**Given data:**
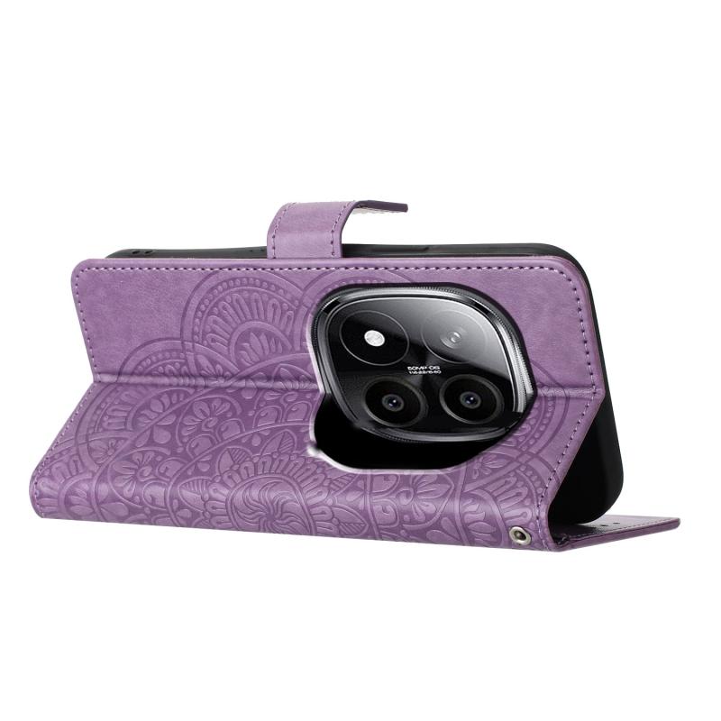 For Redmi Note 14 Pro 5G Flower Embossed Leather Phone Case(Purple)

...

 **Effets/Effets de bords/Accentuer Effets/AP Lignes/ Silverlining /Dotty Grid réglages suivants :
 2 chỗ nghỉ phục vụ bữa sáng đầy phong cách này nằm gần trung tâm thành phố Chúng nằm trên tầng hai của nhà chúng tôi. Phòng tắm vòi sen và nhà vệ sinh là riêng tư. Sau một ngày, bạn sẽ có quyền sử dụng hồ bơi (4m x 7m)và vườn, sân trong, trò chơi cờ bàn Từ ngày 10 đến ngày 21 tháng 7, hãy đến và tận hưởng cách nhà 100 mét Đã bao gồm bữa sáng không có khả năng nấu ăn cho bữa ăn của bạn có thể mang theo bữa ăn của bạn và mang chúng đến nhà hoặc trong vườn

**What you should do:** Among the records above, a stretch begins at the line containing "de bords/Accentuer Effets/AP" and ends at the line containing "2 chỗ nghỉ phục". Restate that stretch word for word, and nothing else.

**Answer:**
 **Effets/Effets de bords/Accentuer Effets/AP Lignes/ Silverlining /Dotty Grid réglages suivants :
 2 chỗ nghỉ phục vụ bữa sáng đầy phong cách này nằm gần trung tâm thành phố Chúng nằm trên tầng hai của nhà chúng tôi. Phòng tắm vòi sen và nhà vệ sinh là riêng tư. Sau một ngày, bạn sẽ có quyền sử dụng hồ bơi (4m x 7m)và vườn, sân trong, trò chơi cờ bàn Từ ngày 10 đến ngày 21 tháng 7, hãy đến và tận hưởng cách nhà 100 mét Đã bao gồm bữa sáng không có khả năng nấu ăn cho bữa ăn của bạn có thể mang theo bữa ăn của bạn và mang chúng đến nhà hoặc trong vườn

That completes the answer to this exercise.